Егор повернулся ко мне, нахмурился и сделал неопределенный жест руками — то ли развел ими, то ли взмахнул, а потом решительно задал вопрос.

— Зачем мы подставили эсеров?

— Сам никаких причин не видишь?

— Разве что пустить полицию по ложному следу, но это подло, они все-таки наши товарищи, революционеры.

— Подло, значит… Хорошо, постараюсь объяснить, — я тоже нахмурился и задумался, чем пронять Егора. Высокие материи он не любит, надо как-то через его опыт зайти… Точно!

— Вот ты воевал за буров, так?

— Ну да, два года. — согласно кивнул Егор.

— Убивал?

— Конечно это же война, — парень пожал плечами. — В тебя стреляют, ты стреляешь…

— Трудно убивать?

Медведник задумался, что-то вспоминал, потом поднял взгляд.

— Первого очень страшно было, мы налет на пост делали, я в часового из винтовки стрелял. Может, и не я, но когда увидел, как ему полголовы снесло, так замутило, что меня буры под руки вели.

— А потом? Второго, третьего?

Егор опять ушел мыслями туда, на юг Африки, в партизанский буш, где гремели копытами и упряжью кони, громыхали залпы винтовок и давно не мывшиеся бойцы прорывали колючуюю проволоку между блокгаузами.

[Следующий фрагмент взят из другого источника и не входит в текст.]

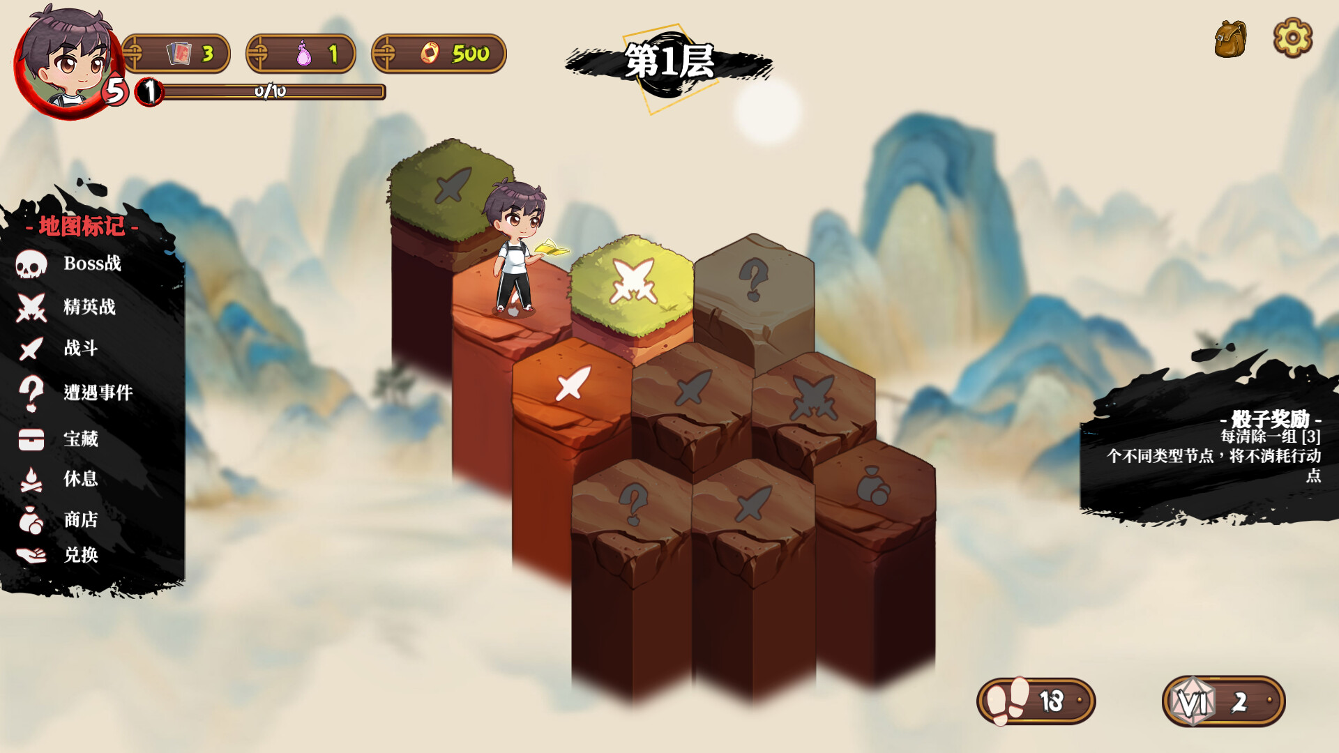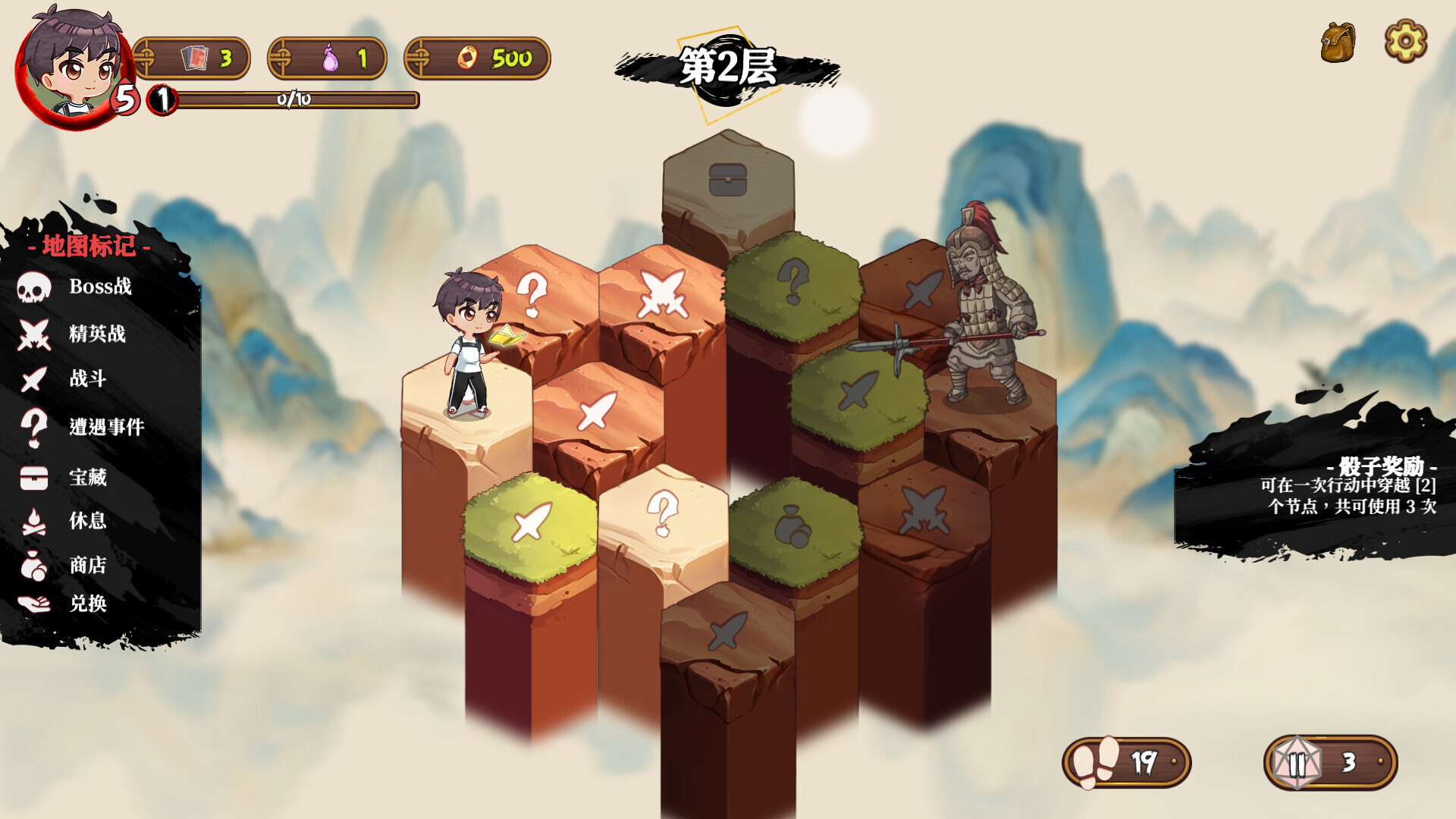 探索各种六边形节点,包括战斗、宝箱、事件等,不断强化你的队伍。
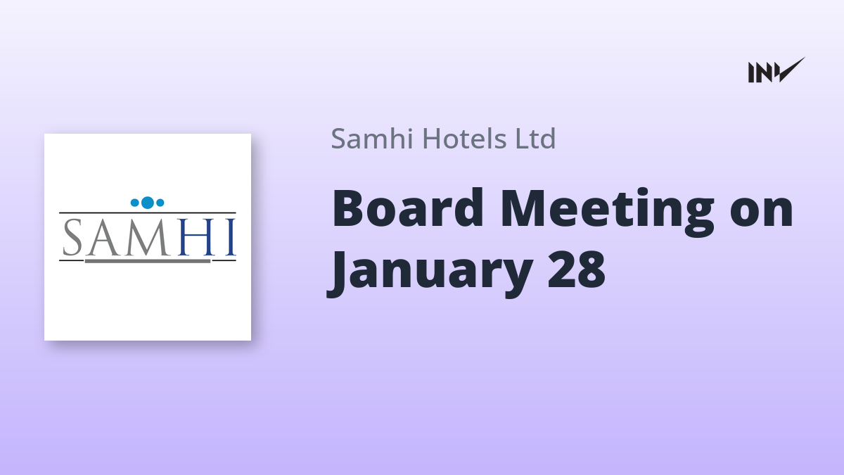 The Board of Directors of SAMHI Hotels is scheduled to convene on January 28, 2026, to review and approve the unaudited financial results for the quarter and nine months ending December 31, 2025. The results will cover both standalone and consolidated performance. The company has already closed its trading window effective January 1, 2026, in accordance with insider trading regulations.

— Потом легче, привыкаешь.

— Вот именно. Человек такая скотина, что ко всему привыкает, и к убийству тоже. И в нашем деле это очень, очень опасно — сперва ты убиваешь явных врагов, потом привыкаешь любую проблему решать устранением человека. И начинаешь потихоньку убивать уже не то чтобы врагов, а так, оппонентов. А потом тебе товарищи говорят что-то не по нраву. И ты думаешь, а не враги ли они, и не убить ли их, чтобы все стало хорошо. И наконец, когда вокруг тебя уже некому сказать, что ты из революционера стал просто убийцей, ты посылаешь людей на смерть просто за косой взгляд в твою сторону. Я, конечно, утрирую, но суть именно в этом — людей, способных удержаться на этой дороге и не стать чудовищами, очень мало, большинство будет радостно стрелять назначенных врагами.

— Но ведь революции без крови не бывает! — пылко возразил Егор.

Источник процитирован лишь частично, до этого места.